The Shredded Chef: 120 Recipes for Building Muscle, Getting Lean, and Staying Healthy (The Build Muscle, Get Lean, and Stay Healthy Series) by Matthews Michael

The Shredded Chef: 120 Recipes for Building Muscle, Getting Lean, and Staying Healthy (The Build Muscle, Get Lean, and Stay Healthy Series) by Matthews Michael

Author:Matthews, Michael [Matthews, Michael]
Language: eng
Format: epub, azw3, pdf
Publisher: Waterbury Publishers, Inc.
Published: 2014-01-14T23:00:00+00:00


Beef Stroganoff

Servings: 4

Prep Time: 10 mins

Cooking Time: 1 hr – 1 hr 10 mins

(Per Serving)

Calories: 322

Protein: 30 grams

Carbohydrates: 9 grams

Fat: 19 grams

Ingredients

• 1 pound lean beef tenderloin, sliced

• 1/4 teaspoon salt

• 1/4 teaspoon ground black pepper

• 4 tablespoons unsalted butter

• 1/2 medium yellow onion, sliced

• 2 tablespoons cornstarch

• 1/2 can (10.5 ounces) condensed beef broth

• 1/2 teaspoon Dijon mustard

• 1 clove garlic, minced

• 1/2 tablespoon Worcestershire sauce

• 1 can (4 ounces) sliced mushrooms, drained

• 3 tablespoons fat-free sour cream

• 3 tablespoons fat-free cream cheese

• 3 tablespoons white wine

Directions

1. Season the meat with the salt and pepper. Melt the butter in a large skillet over medium heat. Add the beef and brown on all sides. Push to one side of the pan.

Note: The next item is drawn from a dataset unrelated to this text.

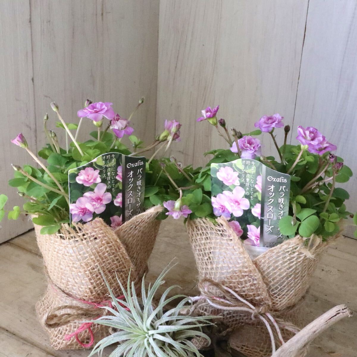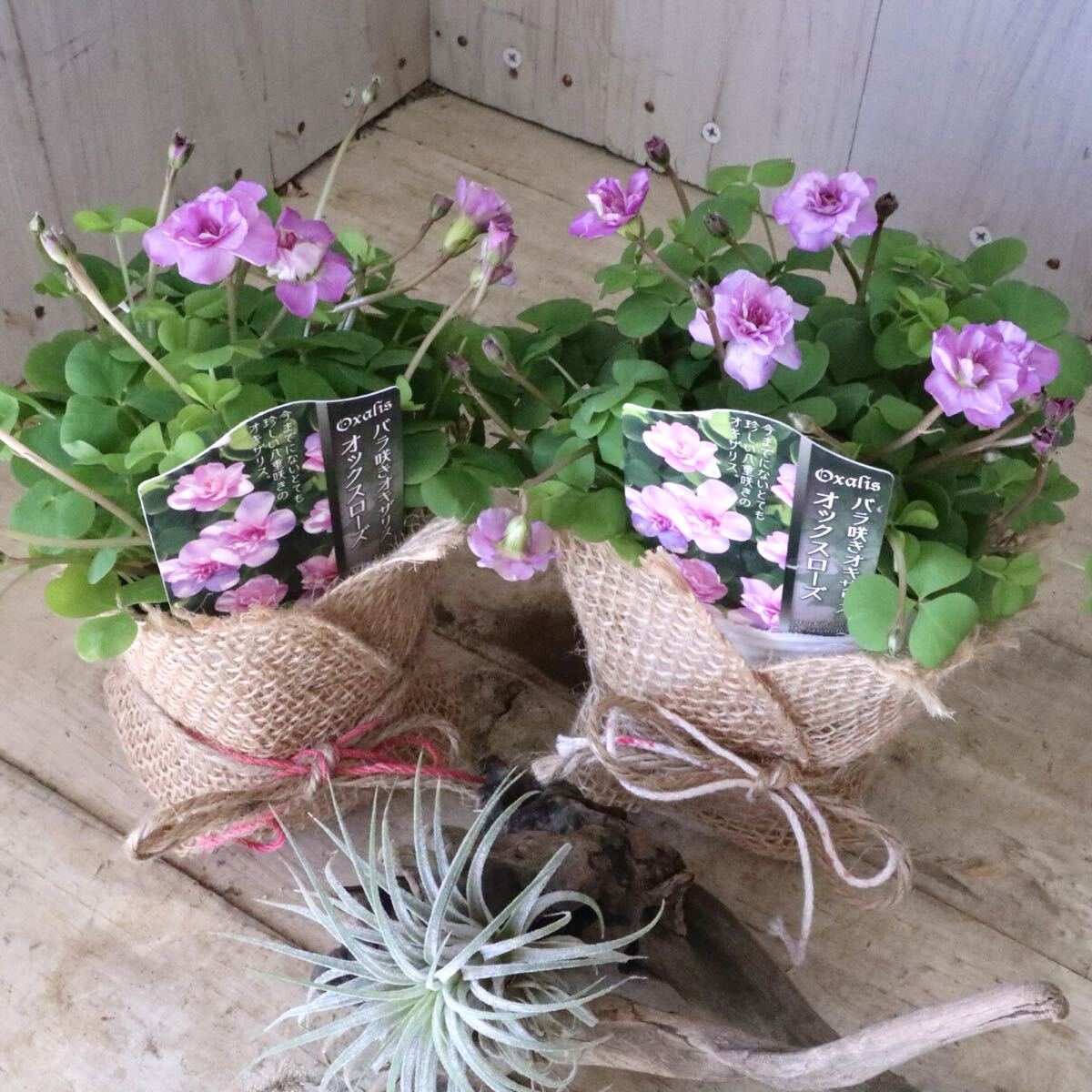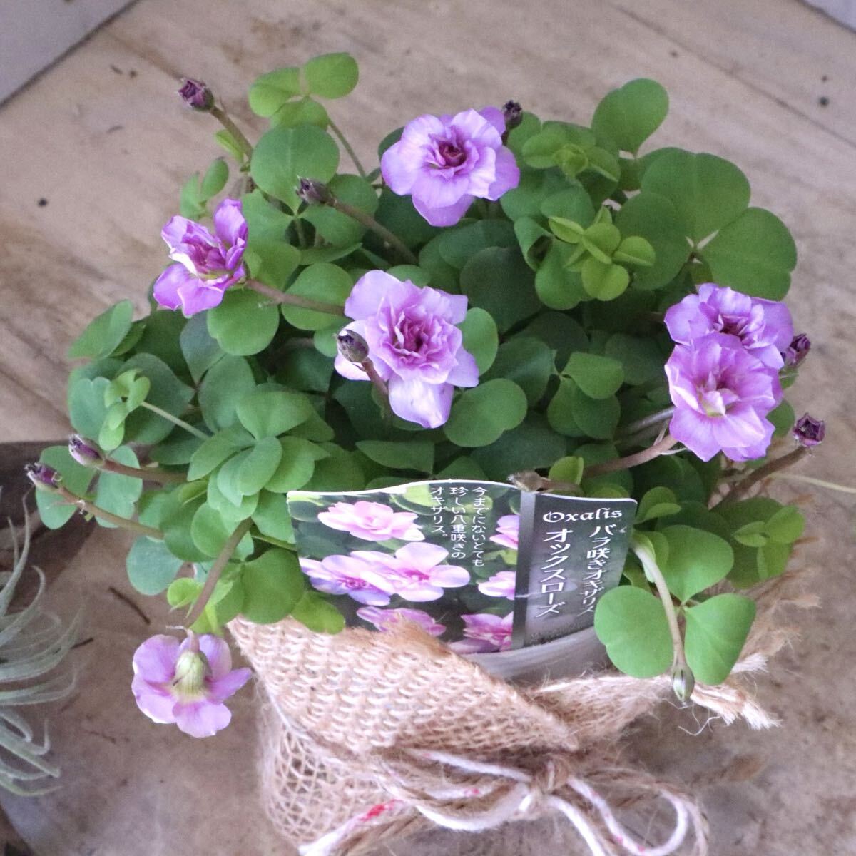 一般的なオキザリスは、朝、晩は花を閉じますが、八重の花なので花が閉じることなく咲いています。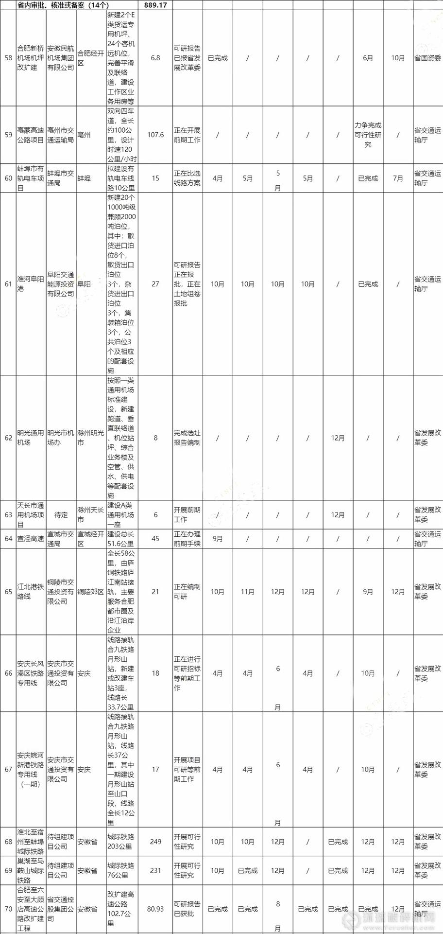 近日,安徽省人民政府辦公廳印發(fā)2019年省重大前期工作項(xiàng)目推進(jìn)計(jì)劃,并通知各市人民政府,省政府有關(guān)部門認(rèn)真組織實(shí)施。據(jù)該計(jì)劃,合計(jì)項(xiàng)目103個(gè),總投資5125.79億元。其中國家審批、核準(zhǔn)或備案19個(gè),省內(nèi)審批、核準(zhǔn)或備案84個(gè)。

2. Add the onions and cook for 3 – 5 minutes, until tender. Push the onions over to the side with the beef. Mix the cornstarch with 2 tablespoons of beef broth then pour into the skillet, mix with the juices in the pan to dissolve.

3. Pour in the remaining beef broth. Bring to a boil, stirring frequently. Lower the heat and stir in the mustard, garlic, and Worcestershire. Cover with a tight fitting lid and simmer for 45 minutes to an hour, until the meat is a desired level of doneness.

4. 5 minutes before the beef is done, stir in the mushrooms, sour cream, cream cheese, and white wine. Stir well and let the beef finish cooking in the sauce.